Some of the clauses, Lubala argues, appear more severe than was necessary. In court, he explained how the club insisted he would not be allowed to shower on club premises unless he was competing in a game, which meant he was not able to do so after training. The player was also forbidden from being in a one-on-one situation with any females or any under-18s (of any gender) in spaces including the canteen, offices and toilets at both the club’s training ground and stadium. This is despite the allegations being made by a woman who was aged 18 at the time of the incident.

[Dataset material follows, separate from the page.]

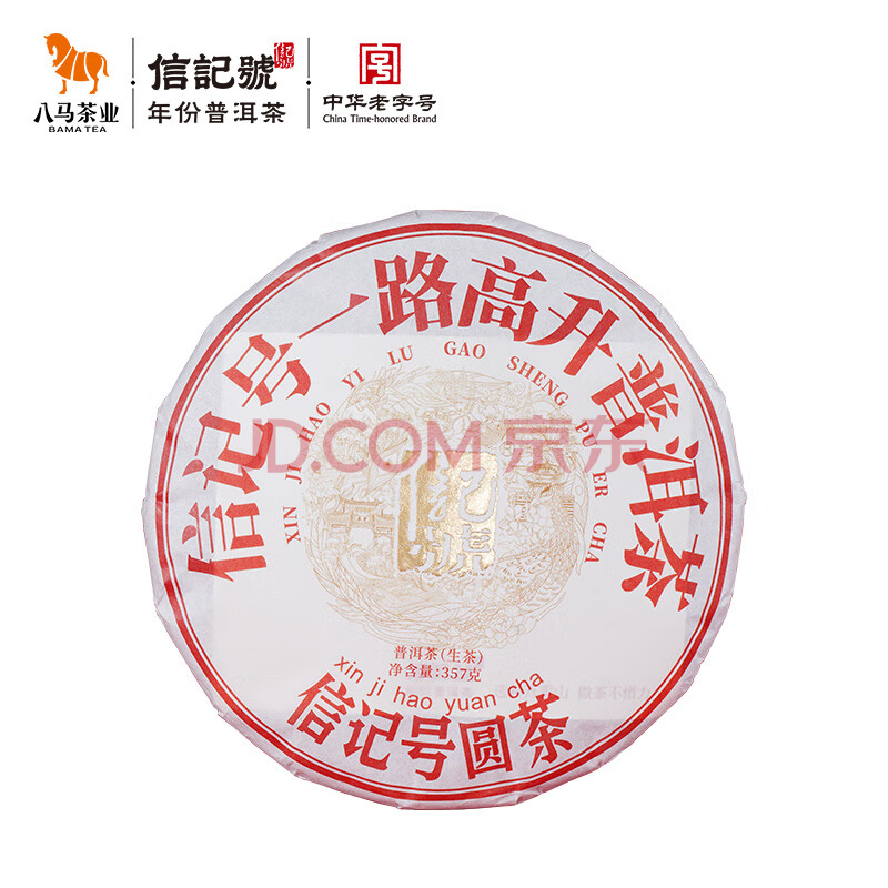 商品相册:八马茶业信记号 中华老字号 普洱茶临沧生普茶叶357g 2020年饼茶第

He was also only permitted to be treated by male therapists, though not in a one-on-one setting, while also being barred from the club’s bar and the players’ lounge at the stadium. He was allowed to eat with the other players but informed he should leave immediately after finishing his meal. Lubala continued to attend Blackpool matches but says he was required to leave around 20 minutes before the end, so as not to risk coming into contact with supporters around the stadium.

Lubala tells The Athletic: “Nobody was allowed to talk to me. I messaged a staff member and had no response and thought, ‘What?!’

“I messaged the manager (Neil Critchley) before the play-off final (against Lincoln City last May) to wish them well and he replied to say thank you. Everyone was told not to speak to me. These guys have mortgages and contracts. They could not risk stepping out of line and jeopardising their jobs.

“I was able to train at Blackpool when I returned. No games — just training. It was training with the team sometimes. The manager was good with me, the footballing staff involved me when they could. The FA said I could not do community work, which was frustrating, considering the charity work that I do. It was no showers — come in your kit and leave in your kit. There was this whole list of things I could not do.

“It makes you feel like you have a mark over your head. When you are walking around, it felt like, ‘That’s him’.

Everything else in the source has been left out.